WHAT THIS TASK INVOLVES:
Please output the records below in full, exactly as given, but without the images.

____ DATA SUPPLIED

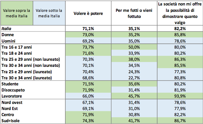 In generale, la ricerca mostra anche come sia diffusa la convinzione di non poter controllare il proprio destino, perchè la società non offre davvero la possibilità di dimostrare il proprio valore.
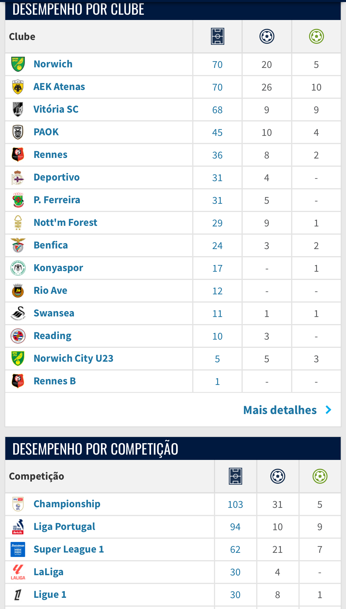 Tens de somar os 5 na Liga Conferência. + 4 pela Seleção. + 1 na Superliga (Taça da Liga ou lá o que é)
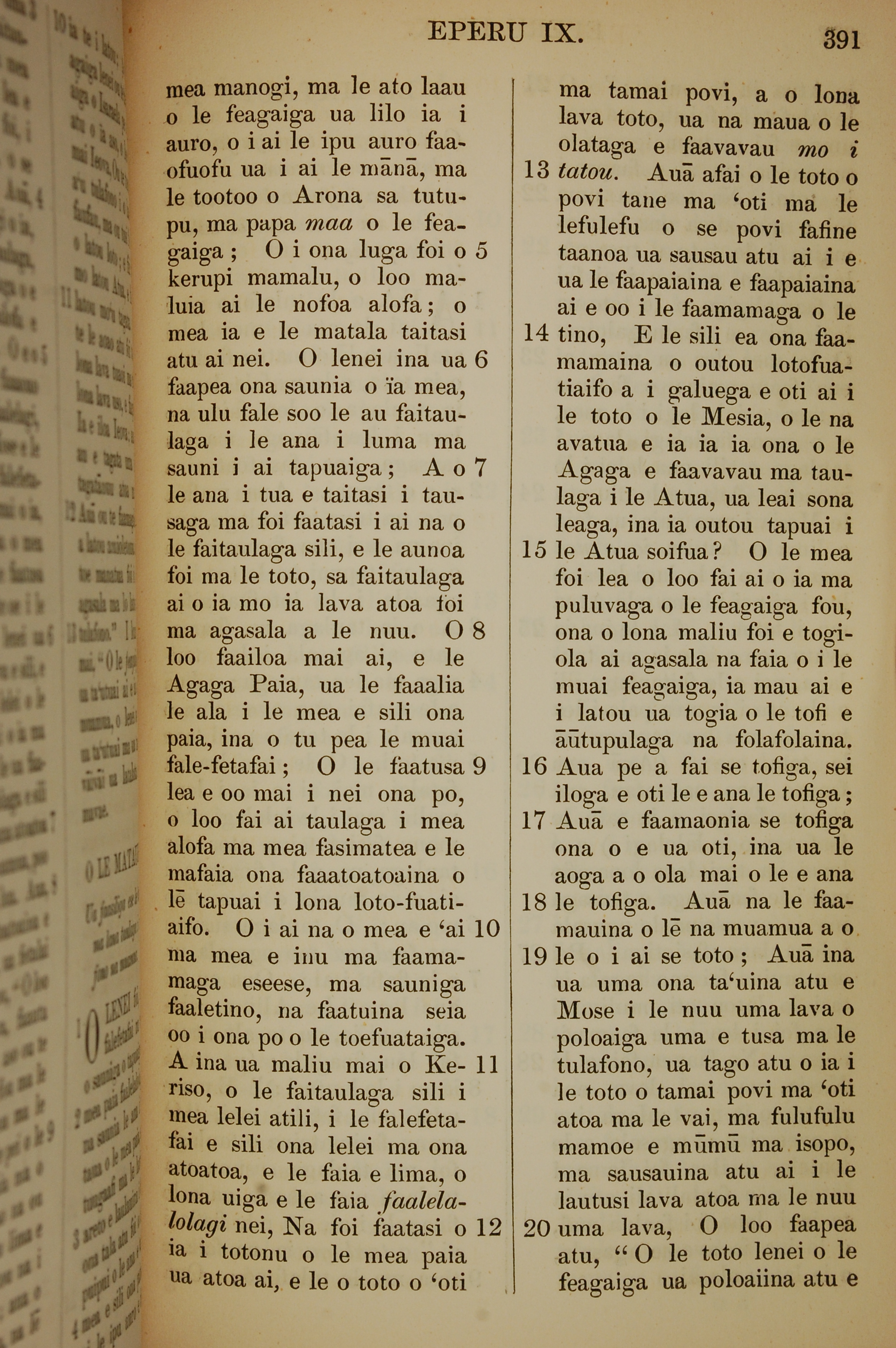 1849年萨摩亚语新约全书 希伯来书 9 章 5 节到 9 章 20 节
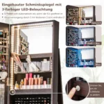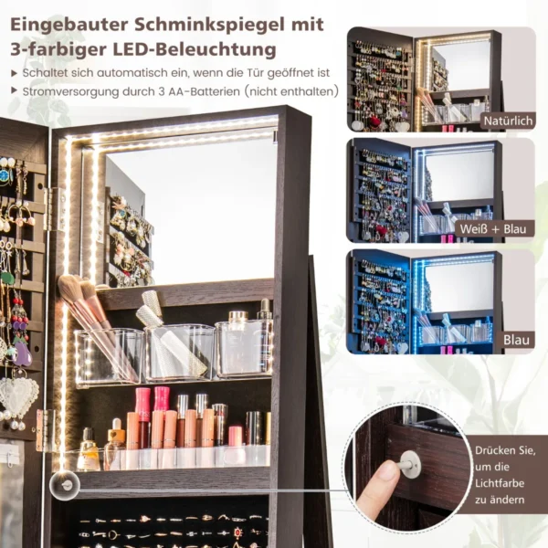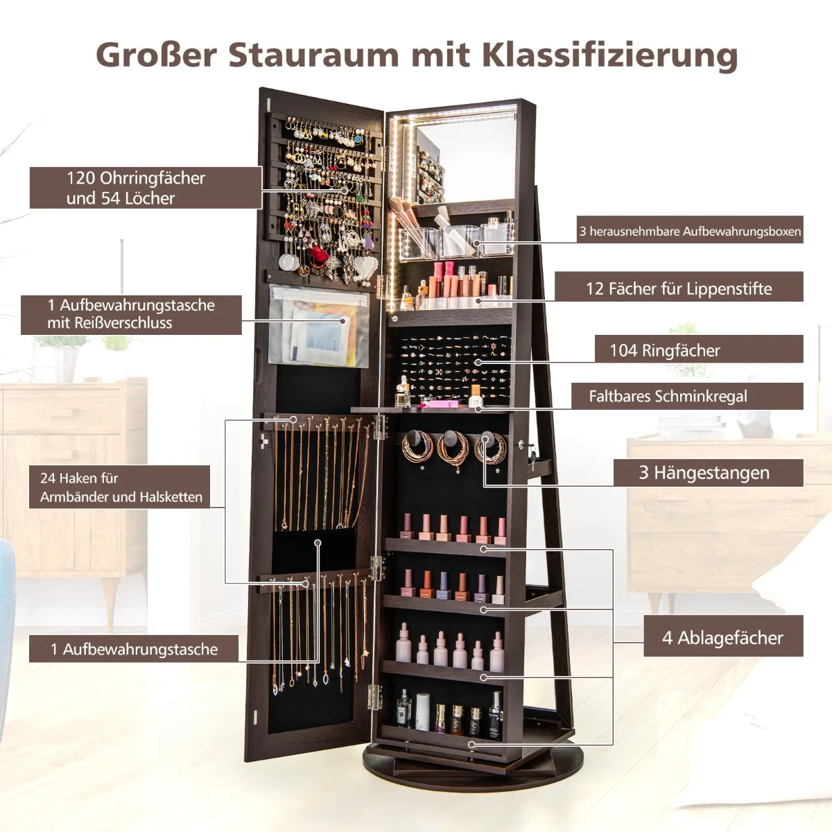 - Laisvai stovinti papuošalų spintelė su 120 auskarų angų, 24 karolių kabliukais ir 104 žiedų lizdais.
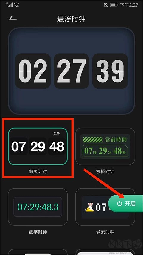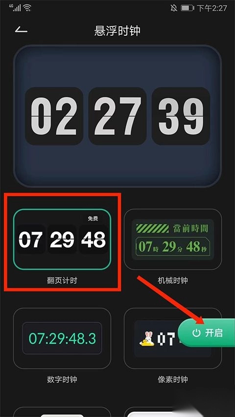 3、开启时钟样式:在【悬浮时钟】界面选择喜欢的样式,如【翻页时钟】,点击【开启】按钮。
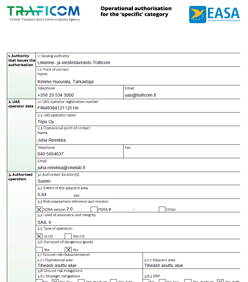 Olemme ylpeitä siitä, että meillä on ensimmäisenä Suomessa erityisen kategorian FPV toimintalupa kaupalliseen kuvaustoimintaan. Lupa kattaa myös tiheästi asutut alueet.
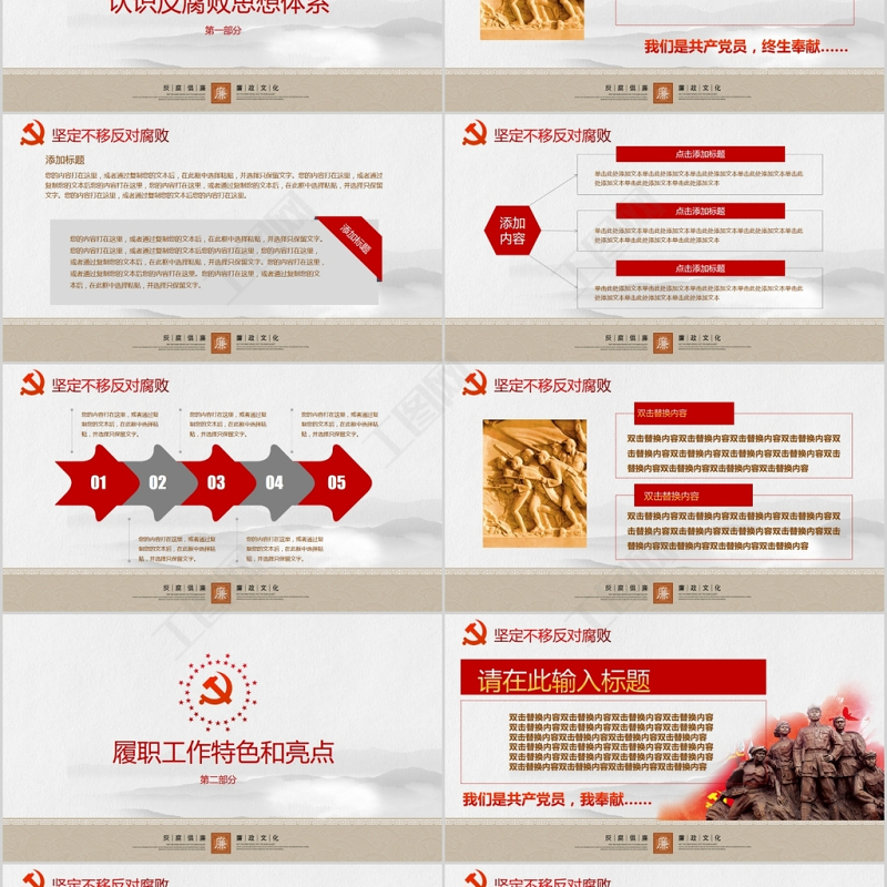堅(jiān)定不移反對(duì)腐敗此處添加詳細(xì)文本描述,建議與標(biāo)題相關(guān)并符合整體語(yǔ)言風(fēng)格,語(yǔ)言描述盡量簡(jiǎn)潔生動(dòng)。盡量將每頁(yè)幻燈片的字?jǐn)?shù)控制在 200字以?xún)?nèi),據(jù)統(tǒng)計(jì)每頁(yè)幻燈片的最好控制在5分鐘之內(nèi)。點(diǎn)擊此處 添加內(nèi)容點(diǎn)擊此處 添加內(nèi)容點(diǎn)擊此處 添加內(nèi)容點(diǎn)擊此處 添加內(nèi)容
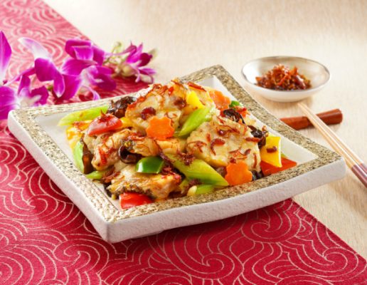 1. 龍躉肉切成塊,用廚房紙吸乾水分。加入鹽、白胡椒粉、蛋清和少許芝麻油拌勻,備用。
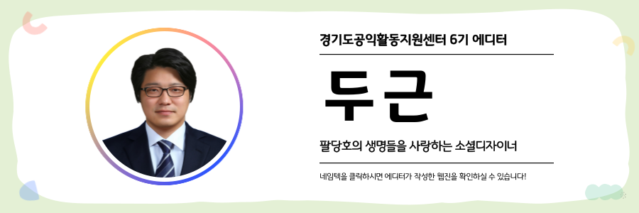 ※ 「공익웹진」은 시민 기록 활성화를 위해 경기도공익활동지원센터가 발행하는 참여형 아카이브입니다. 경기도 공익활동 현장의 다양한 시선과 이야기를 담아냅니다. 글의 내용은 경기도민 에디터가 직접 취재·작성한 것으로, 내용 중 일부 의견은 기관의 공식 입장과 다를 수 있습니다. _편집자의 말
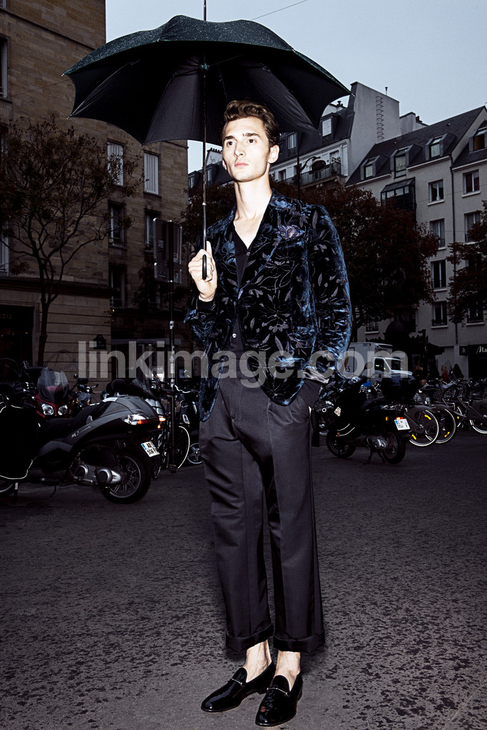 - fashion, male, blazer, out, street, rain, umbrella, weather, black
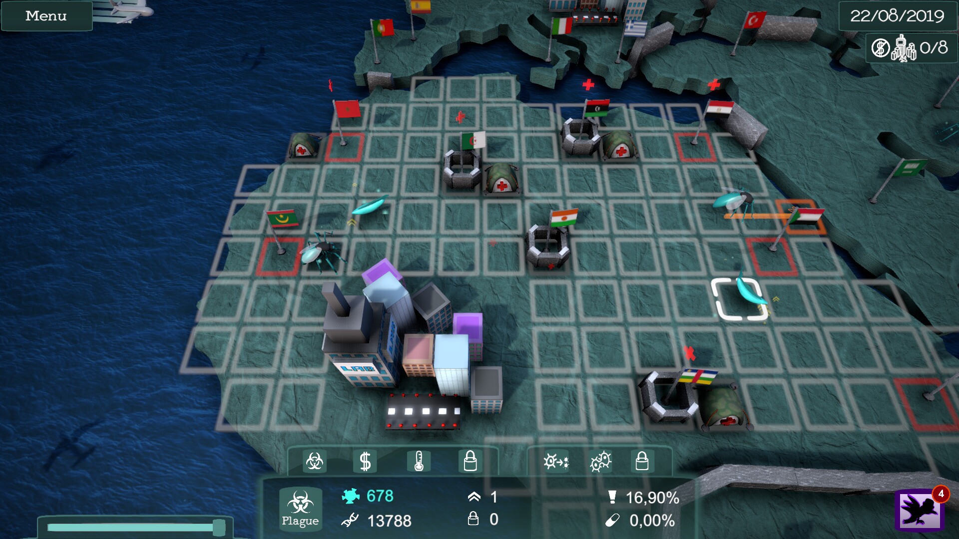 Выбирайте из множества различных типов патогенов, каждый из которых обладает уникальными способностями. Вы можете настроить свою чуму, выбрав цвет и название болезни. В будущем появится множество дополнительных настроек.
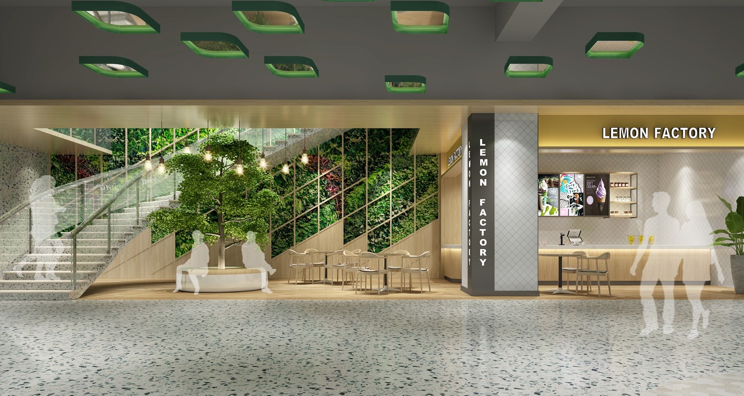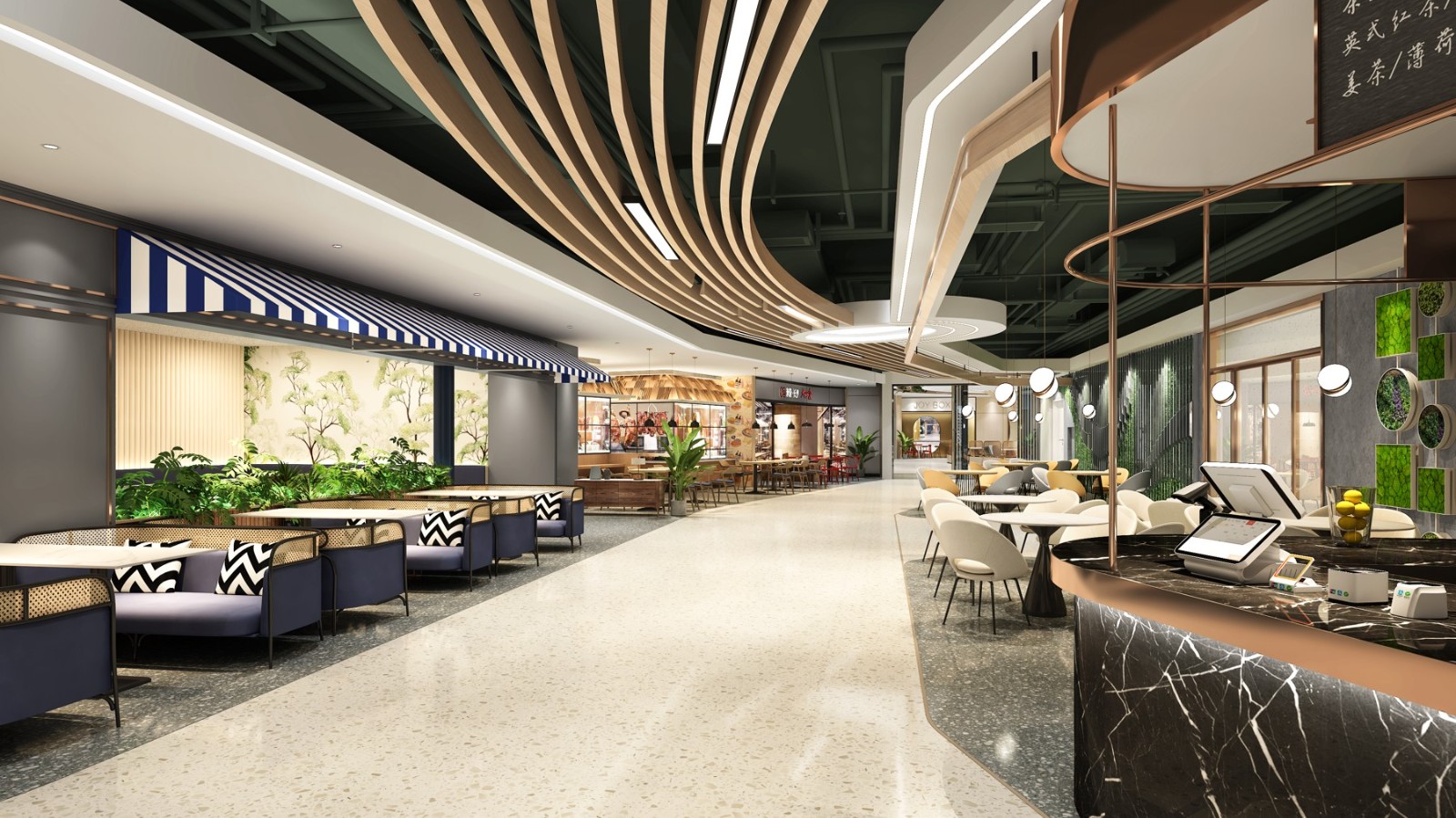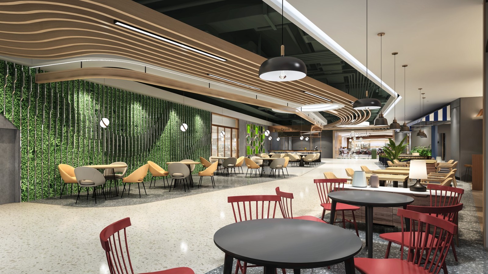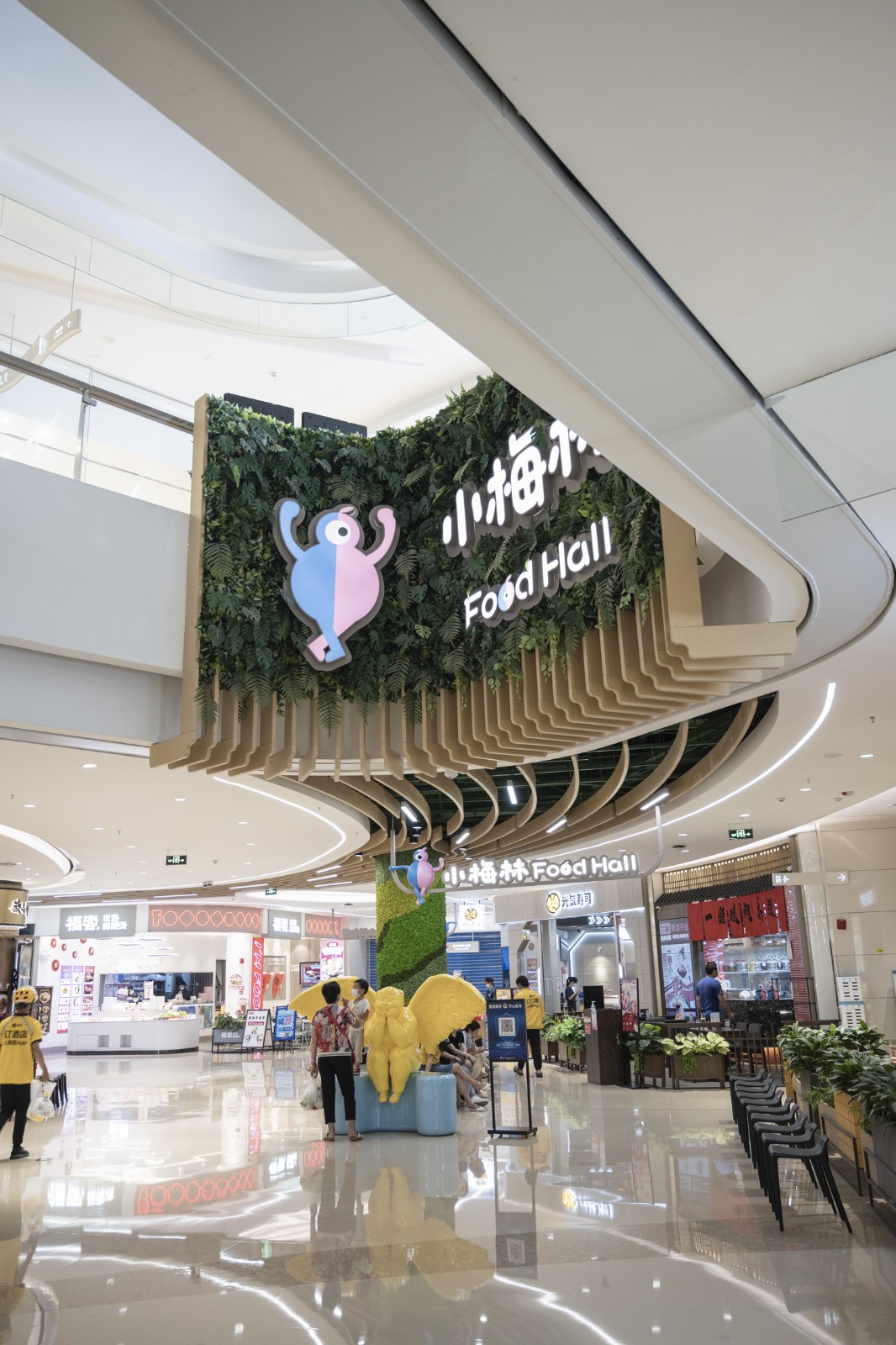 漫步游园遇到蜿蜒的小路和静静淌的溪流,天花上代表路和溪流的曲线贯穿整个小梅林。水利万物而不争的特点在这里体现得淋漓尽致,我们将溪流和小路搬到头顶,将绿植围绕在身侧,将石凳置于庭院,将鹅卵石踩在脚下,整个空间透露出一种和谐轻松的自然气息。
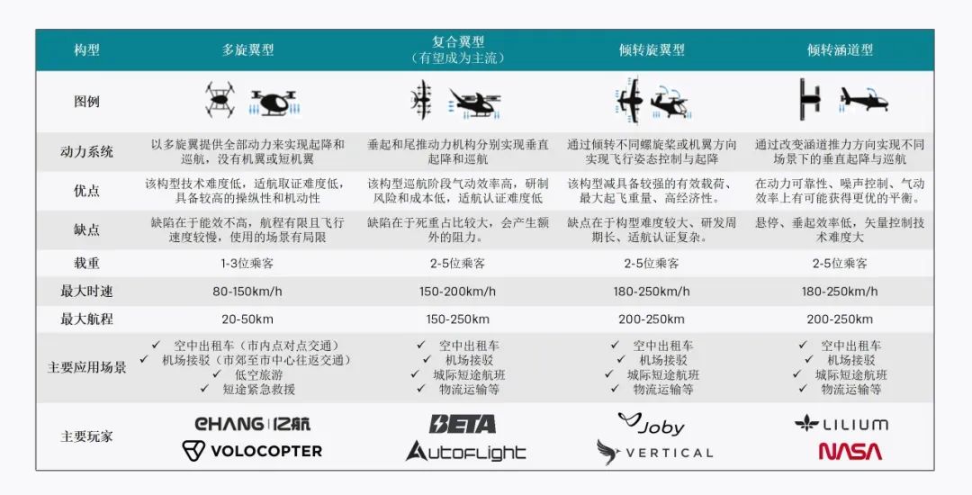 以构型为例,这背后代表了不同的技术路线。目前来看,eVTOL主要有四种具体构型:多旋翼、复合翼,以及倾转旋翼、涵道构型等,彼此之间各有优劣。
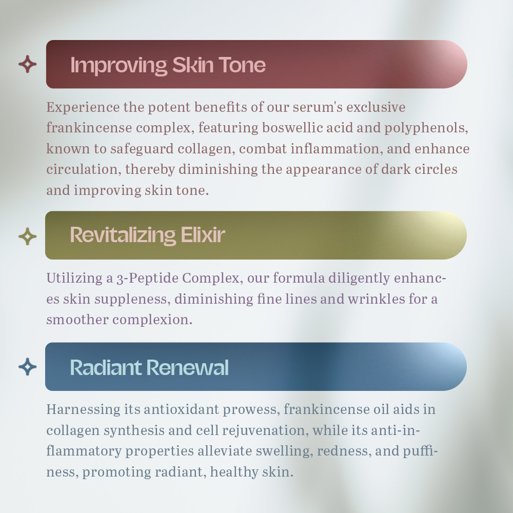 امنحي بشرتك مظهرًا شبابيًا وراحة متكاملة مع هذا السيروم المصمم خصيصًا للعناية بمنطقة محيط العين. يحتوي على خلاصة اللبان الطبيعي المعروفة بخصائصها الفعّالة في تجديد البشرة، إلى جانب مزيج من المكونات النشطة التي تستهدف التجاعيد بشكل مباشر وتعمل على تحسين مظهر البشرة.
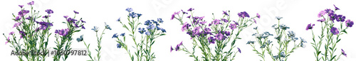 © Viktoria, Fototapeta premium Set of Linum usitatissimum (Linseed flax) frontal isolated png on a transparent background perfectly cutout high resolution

________

ANSWER TO THE EXERCISE:
 In generale, la ricerca mostra anche come sia diffusa la convinzione di non poter controllare il proprio destino, perchè la società non offre davvero la possibilità di dimostrare il proprio valore.
 Tens de somar os 5 na Liga Conferência. + 4 pela Seleção. + 1 na Superliga (Taça da Liga ou lá o que é)
 1849年萨摩亚语新约全书 希伯来书 9 章 5 节到 9 章 20 节
 - Laisvai stovinti papuošalų spintelė su 120 auskarų angų, 24 karolių kabliukais ir 104 žiedų lizdais.
 3、开启时钟样式:在【悬浮时钟】界面选择喜欢的样式,如【翻页时钟】,点击【开启】按钮。
 Olemme ylpeitä siitä, että meillä on ensimmäisenä Suomessa erityisen kategorian FPV toimintalupa kaupalliseen kuvaustoimintaan. Lupa kattaa myös tiheästi asutut alueet.
堅(jiān)定不移反對(duì)腐敗此處添加詳細(xì)文本描述,建議與標(biāo)題相關(guān)并符合整體語(yǔ)言風(fēng)格,語(yǔ)言描述盡量簡(jiǎn)潔生動(dòng)。盡量將每頁(yè)幻燈片的字?jǐn)?shù)控制在 200字以?xún)?nèi),據(jù)統(tǒng)計(jì)每頁(yè)幻燈片的最好控制在5分鐘之內(nèi)。點(diǎn)擊此處 添加內(nèi)容點(diǎn)擊此處 添加內(nèi)容點(diǎn)擊此處 添加內(nèi)容點(diǎn)擊此處 添加內(nèi)容
 1. 龍躉肉切成塊,用廚房紙吸乾水分。加入鹽、白胡椒粉、蛋清和少許芝麻油拌勻,備用。
 ※ 「공익웹진」은 시민 기록 활성화를 위해 경기도공익활동지원센터가 발행하는 참여형 아카이브입니다. 경기도 공익활동 현장의 다양한 시선과 이야기를 담아냅니다. 글의 내용은 경기도민 에디터가 직접 취재·작성한 것으로, 내용 중 일부 의견은 기관의 공식 입장과 다를 수 있습니다. _편집자의 말
 - fashion, male, blazer, out, street, rain, umbrella, weather, black
 Выбирайте из множества различных типов патогенов, каждый из которых обладает уникальными способностями. Вы можете настроить свою чуму, выбрав цвет и название болезни. В будущем появится множество дополнительных настроек.
 漫步游园遇到蜿蜒的小路和静静淌的溪流,天花上代表路和溪流的曲线贯穿整个小梅林。水利万物而不争的特点在这里体现得淋漓尽致,我们将溪流和小路搬到头顶,将绿植围绕在身侧,将石凳置于庭院,将鹅卵石踩在脚下,整个空间透露出一种和谐轻松的自然气息。
 以构型为例,这背后代表了不同的技术路线。目前来看,eVTOL主要有四种具体构型:多旋翼、复合翼,以及倾转旋翼、涵道构型等,彼此之间各有优劣。
 امنحي بشرتك مظهرًا شبابيًا وراحة متكاملة مع هذا السيروم المصمم خصيصًا للعناية بمنطقة محيط العين. يحتوي على خلاصة اللبان الطبيعي المعروفة بخصائصها الفعّالة في تجديد البشرة، إلى جانب مزيج من المكونات النشطة التي تستهدف التجاعيد بشكل مباشر وتعمل على تحسين مظهر البشرة.
 © Viktoria, Fototapeta premium Set of Linum usitatissimum (Linseed flax) frontal isolated png on a transparent background perfectly cutout high resolution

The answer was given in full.